Советская литература - художественное отражение мысли этого нового человечества.
Жизнь Советского Союза, каждое его деяние есть дело всего человечества, это дело в самых своих корнях насыщено глубочайшей уверенностью в своей правоте, это дело освобождения, дело гуманизма.
И одно из величайших и прекрасных особенностей советской литературы постоянное, неиссякаемое звучание гуманизма, пленительная красота лучших человеческих стремлений, о которых на протяжении всей истории мечтали самые совершенные люди.
В 1916 г., в самое мрачное время мировой бойни, Маяковский сказал:#1
И он,
свободный,
ору о ком я,
человек
придет он,
верьте мне,
верьте!
И он пришел - человек!
Гуманизм нашей литературы, развернувшийся перед всем миром в эпоху последних катастрофических схваток, когда-нибудь будет признан одним из самых поразительных явлений революции. В чем сила, в чем уверенность нашей великой гуманистической проповеди?
Мы окружены буйным безумием агонизирующего империализма. Где-то там, в чащах дымящих труб Рура, на нищих полях Италии, в тесноте японских ограбленных городов, последние капиталисты истории жаждут войны. Они протягивают жадные руки во все стороны: к железу, к углю, к машинам, к нефти, к хлебу.
В смертельном отчаянии конца каждый фашистский лагерь бредит о завоевании мира. И Гитлер, И Муссолини, и японские генералишки порождение этого общего бреда.
Против этой мировой шайки сумасшедших мы подняли и высоко держим наши гуманистические знамена.
В этом лишний раз сказывается наше историческое здоровье - здоровье побеждающего молодого социализма.
Присмотрися только к одной нашей литературной теме, к той теме, в которой особенно разительно нарисована пропасть между нами и ими.
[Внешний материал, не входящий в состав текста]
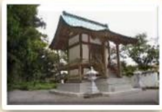
히메코소사 고사기 · 일본서기에도 등장하는 역사가 긴 신사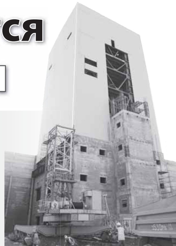
Строуправлению и сейчас работы хватает

Рудники начинаются с поверхности. Именно первостроители старейшего подразделения СУ “Талнахрудстрой” положили начало истории Талнаха. Приказ о его создании, подписанный Владимиром Долгих в 1962 году, дал жизнь не только рудникам правобережья, но и тресту “Норильскшахстрой”, куда позднее вошло управление.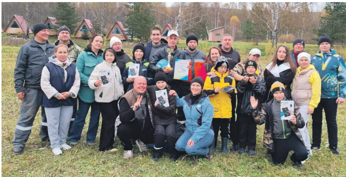
Работники Красноуфимского железнодорожного узла ГЖД вместе с родными и близкими получили позитивные эмоции на туристическом слете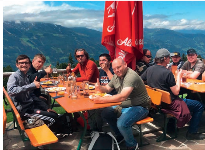
ALPENBLICK: Die noris kickers lassen sich die Brotzeit in luftiger Höhe schmecken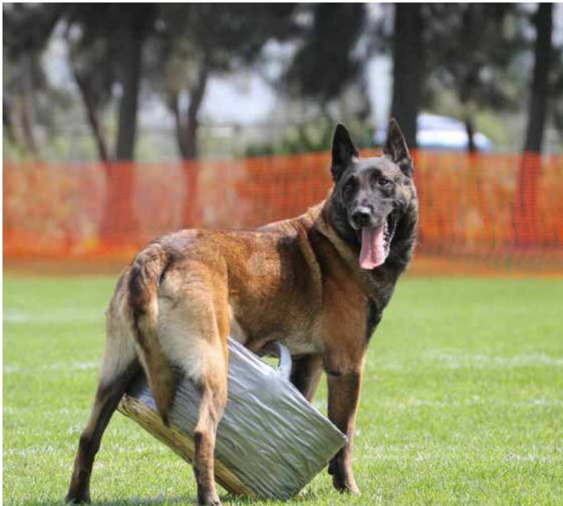
El ring francés es uno de los deportes de mordida de mayor tradición en el mundo, se practica originalmente en Francia desde finales del siglo XIX. Se utiliza como un programa en la selección de crianza de razas de perros de trabajo.

Este deporte satisface las necesidades instintivas básicas ya que le permite canalizar su energía por medio de la mordida y la caza de su presa. El resultado es un perro de mente estable y social que tiene un vínculo estrecho con su amo el cual disfruta de un perro saludable, ágil y obediente.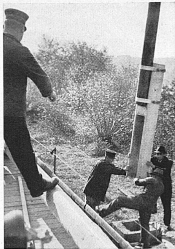
Links: Die Holzmasten werden auf einen speziellen Materialwagen verladen, um am vorgeschriebenen Platz aufgestellt zu werden. — Rechts: Der Stellvertreter des Bahnmeisters dirigiert das richtige Maststellen.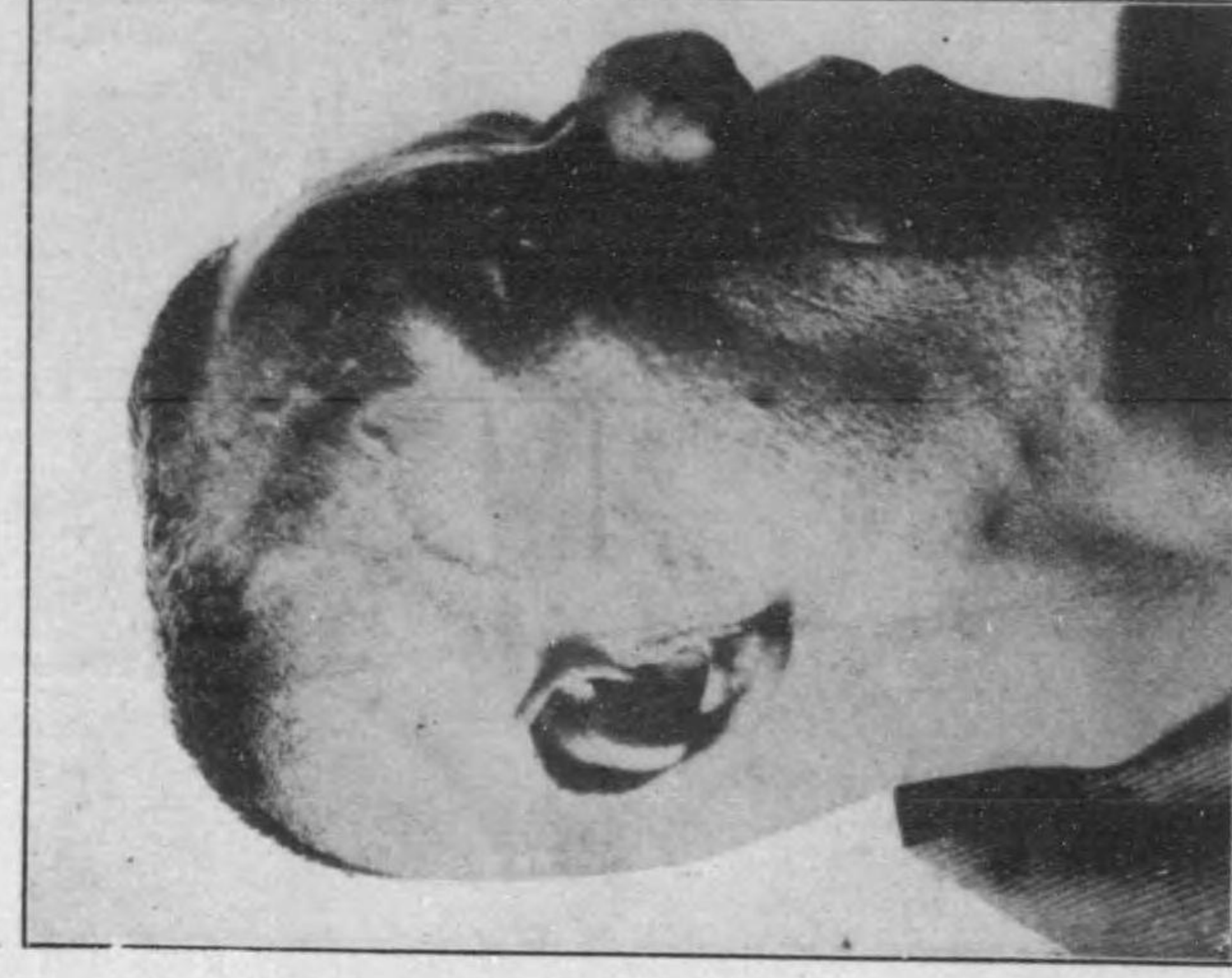
Haemangiom der Nase 鼻部血管腫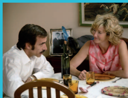
Los Alcántara, de "Cuéntame..." la serie actual más popular de TVE.

rias para no dormir" o el divertido "Un, dos tres", concurso donde mezclaba concursos: saber, habilidad, música... También forma parte del mito de TVE José Luis Balbín y su programa político de opinión "La Clave", eliminado de la parrilla por demasiado libre... Mítica sería también la serie "Verano azul", con el insufrible "Chanquete" y su pandilla playera de adolescentes.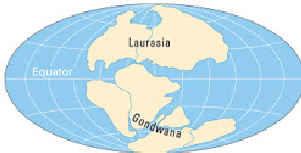
Tahap 2 : 180 juta tahun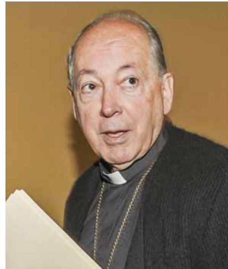
Cardenal Cipriani y el conflicto de la PUCP.

–Es que no hemos querido recordar. Hay quienes dicen "ya no miremos por el retrovisor", estamos creciendo, nos vamos para arriba. Es el fujimorismo y todas aquellas personas que le dan la mano en proyectos de determinada orientación política, de maneras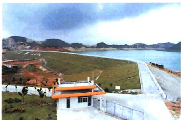
◀ 深圳市东部供水水源工程调 节水库—松子坑水库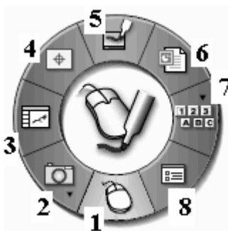
Рис. 3. Меню инструментов рабочего стола. Активный элемент выделен:

1 – переключение стилуса в режим мыши; 2 – захват изображений и видео с экрана монитора; 3 – работа с альбомом (книга подшивок); 4 – калибровка доски; 5 – маркер; 6 – презентация; 7 – виртуальная (экранная) клавиатура; 8 – настройка интерактивного маркера (стилуса)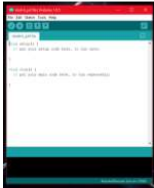
gambar 7 Sketch baru Arduino IDE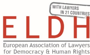
ELD H European Association of Lawyers for Democracy and World Human Rights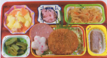
5金 メンチカツ 熱量845kcal/蛋白質22g/脂肪20g/炭水化物137g/食塩4.7g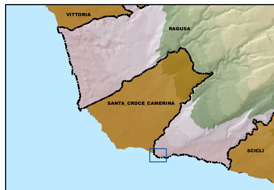
Tavola 2.4 Componenti ambientali e paesaggistiche Litorale Marina di Ragusa (quadro 8)

PROGETTISTA Arch. Aurelio Barone ELABORAZIONI E RAPPORTO AMBIENTALE Collaborazione esterna Arch. Pianif. Costanza Dipasquale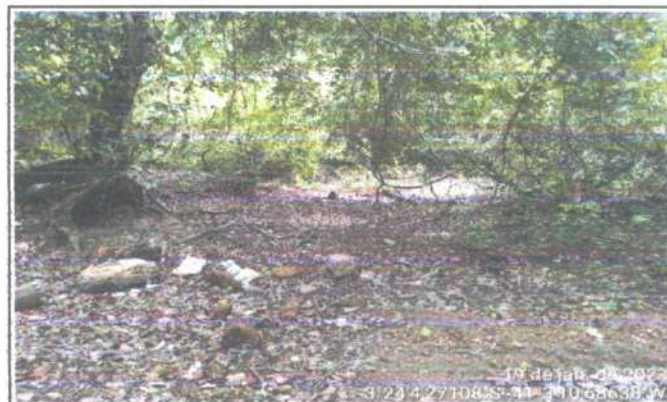
FOTO 2 - À JUSANTE - BUEIRO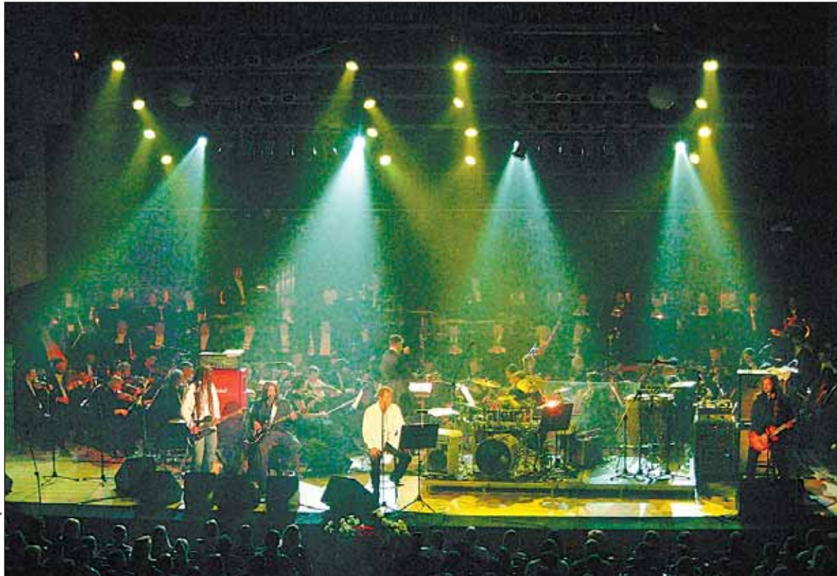
Na konci ledna diváci aplaudovali společnému koncertu skupiny Lucie a Symfonického orchestru hlavního města Prahy FOK.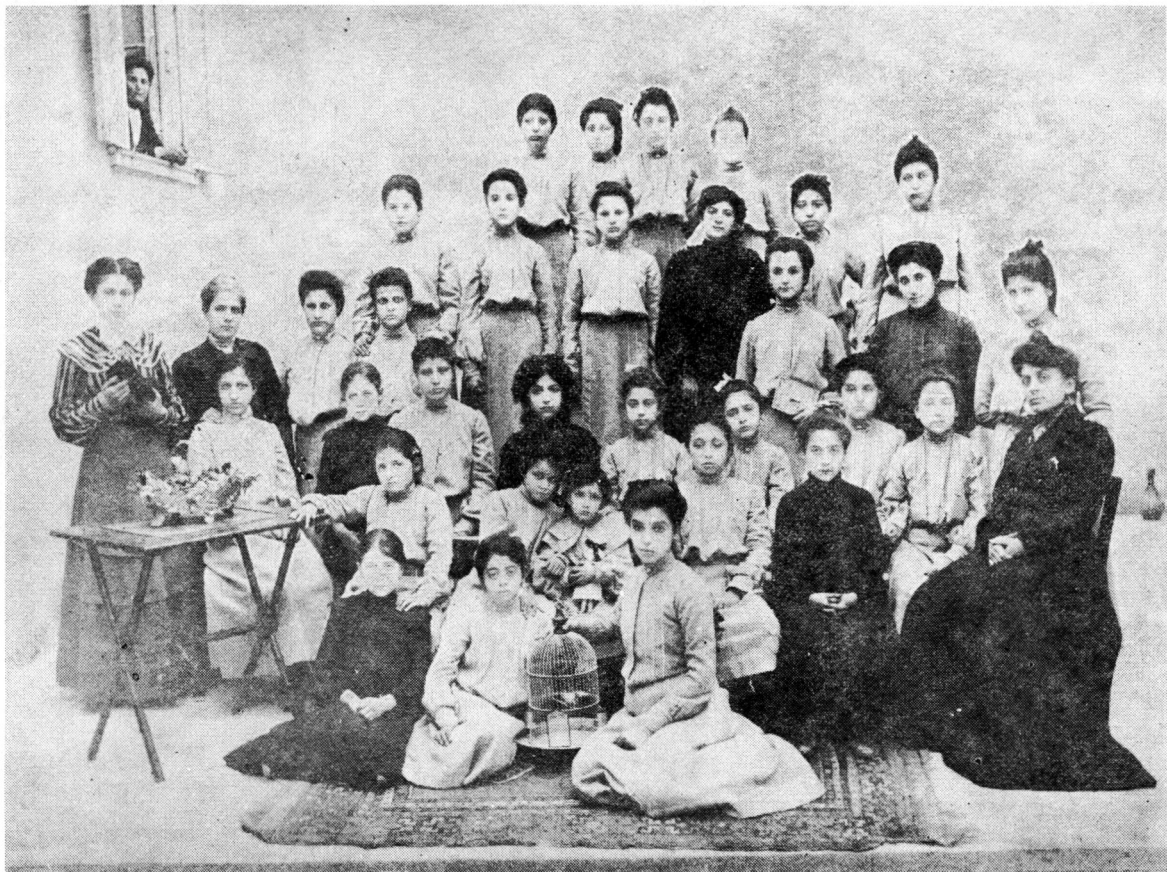
1. «Έτος 1903-1904. Τὴν ἔκθεσιν τὴν σχολικὴν, 1η ἡμέρα τῶν Τριῶν Ἱεραρχῶν»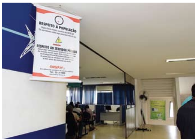
Banner do Sindsep-DF afixado no interior da SRTE (509 Norte)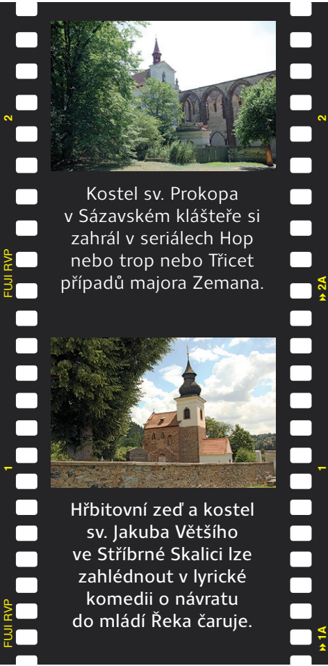
Kostel sv. Prokopa v Sázavském klášteře si zahrál v seriálech Hop nebo trop nebo Třicet případů majora Zemana.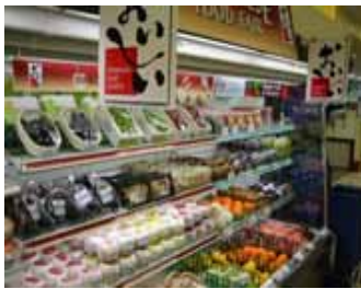
常設店舗事業の様子 (タイ)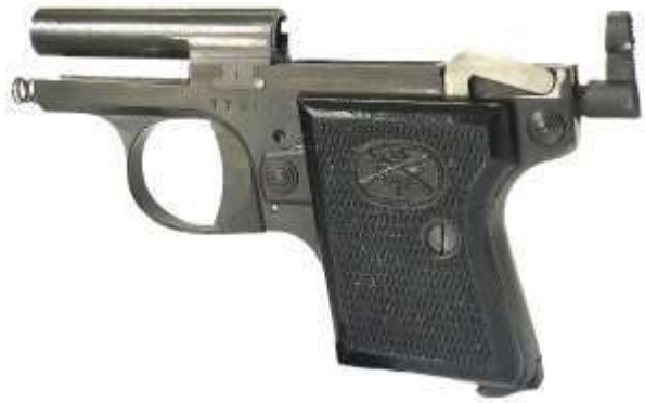
La pistola Bernardelli, mod. Baby, dotata di chiusura a massa in smontaggio ordinario. Si nota la canna ancorata al fusto

Il sistema di chiusura Colt/Browning a corto rinculo di canna si avvale, per il funzionamento, dei tenoni ricavati sulla canna in prossimità della camera di cartuccia. I tenoni combaciano con rispettivi incavi praticati sul cielo del carrello. La canna è provvista di uno zoccolo al quale è fulcrata una piccola biella, a sua volta trattenuta al fusto tramite il traversino della leva arresto carrello (hold open) .

В советской литературе на страницах очень много романов, повестей и рассказов проходит тема строительства и индустриализации. Заводские цехи вот те самые громады, те самые машины, краны, экскаваторы, которые на Западе встают в воображении писателя как символы подавления и истощения человечества, как представители жадного, бесчувственного и беспринципного Молоха, - у нас возносятся, как храмы, овеянные радостной симпатией нового человека. Там от них рождается захватническая жадность, располагающаяся вширь энергия эксплуататоров, у нас от них родится только энергия побед над природой, возносящаяся вверх энергия общечеловеческого богатства. Там между машинами бродит закованный в нормы квалифицированный раб, у нас над ними стоит свободный хозяин человек. И так естественно: там м машины и богатство родят войну, у нас от них исходит мысль о едином счастливом человечестве - социалистический гуманизм.
Гуманизм нашей литературы не заключен в скобки формальных пожеланий, он не литературная поза, он заключен в самих наших темах, в самом тоне писателя, в его социалистическом самочувствии. Социалистический реализм может с полным правом быть назван гуманистическим реализмом, ибо наш реализм построен на оптимистической убежденности, на мажоре всей нашей жизни и на предвидении освобождения человечества.